This week, Fika with Vicky welcomes Author Janet Trull. We’ll be looking into her books End of the Line and Something’s Burning.

Quote from Janet: “The backroads are unpaved, unplowed and unpopular. All the best stories start here.”

When I came into contact with End of the Line, I had to agree. It had found my sweet spot. Ordinary people living their lives become extraordinary stories of resilience when a pen is placed in the correct hands. Janet Trull has those hands.

About End of the Line:

Haliburton, Ontario, 1878. The new Victoria Rail Line delivers hundreds of immigrants to the last station in the Northern Townships. Some are wealthy, ready to take advantage of new opportunities. Most are poor and illiterate. The farmland is free. All you must do is build a cabin
and raise crops out of Precambrian rock. The fortunate ones find their way up the ridge to the Nunnery where women practice traditions from mixed ancestries. They are skilled in midwifery and hunting. Are you hungry? Lonely? Do you need a cure for venereal disease? The nuns can
help.

Too bad the moral folk in the village disapprove. The ones who make laws and build churches and profit from felled trees. It takes a brutal murder to reveal the worst of human greed and the best of the human heart.

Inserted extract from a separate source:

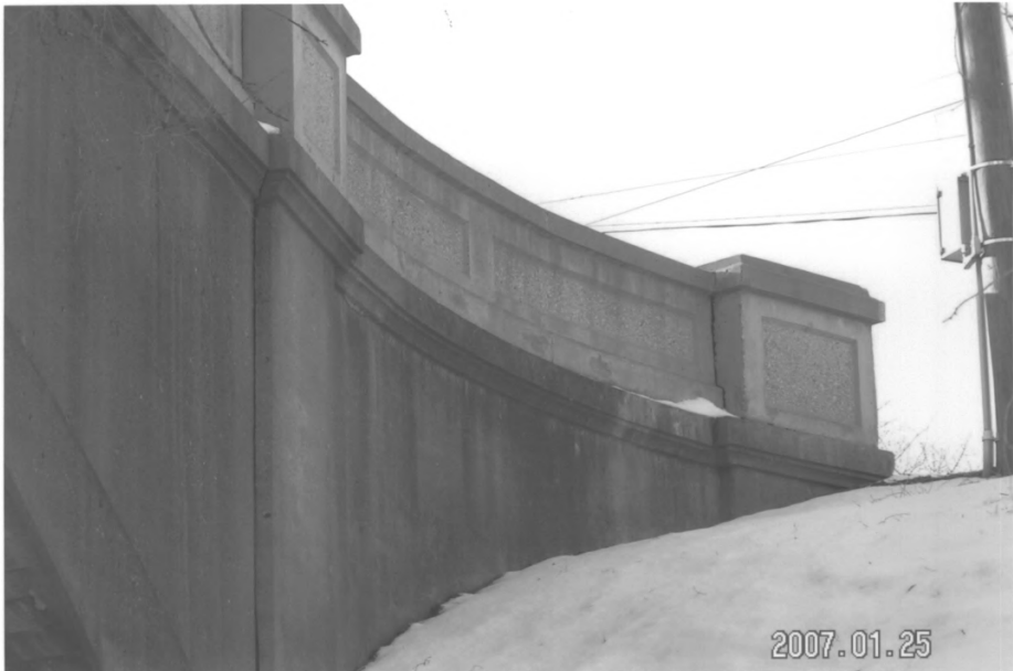
West Washington Street Bridge, Delaware Co., IN #17

The dead have much to teach the living at the end of the line.

About Something’s Burning:

A collection of short fiction about betrayal and belonging in times of social upheaval. Small town settings. Big world themes.

About Janet:

Janet Trull lives in the Haliburton Highlands, a land of blue lakes and rocky shores. She is the
author of two critically acclaimed collections of short fiction, Hot Town and Something’s
Burning, both published by At Bay Press , Winnipeg. With small town settings and big world
themes, her stories examine the tension between neighbours, genders, and generations during
times of social and cultural change.
A graduate of English at McMaster University, Trull focused on literacy throughout her
career as an educator. She was a Reading Recovery teacher, a Literacy Coach and a Student
Achievement Officer for the Ontario Ministry of Education. Her essays, professional writing and
short stories have appeared in a wide variety of publications, including the Globe and Mail,
Toronto Star, Canadian Living Magazine, Prairie Fire, The New Quarterly, subTerrain
Magazine, and Geist. Subscribers to the Haliburton County Echo recognize Trull as a frequent
contributor, with nostalgic essays about skinny dips, campfires and lazy afternoons in
hammocks. These are accessible on her website, trullstories.com
Janet Trull is the recipient of several awards, including a CBC Canada Writes challenge,
a Western Magazine Award nomination, and a Commonwealth Fiction prize.

Terry Fallis, two-time winner of the Stephen Leacock Medal for Humour, says, “Janet
Trull knows her way around people and communities as well as the issues that hold them
together, and sometimes break them apart.”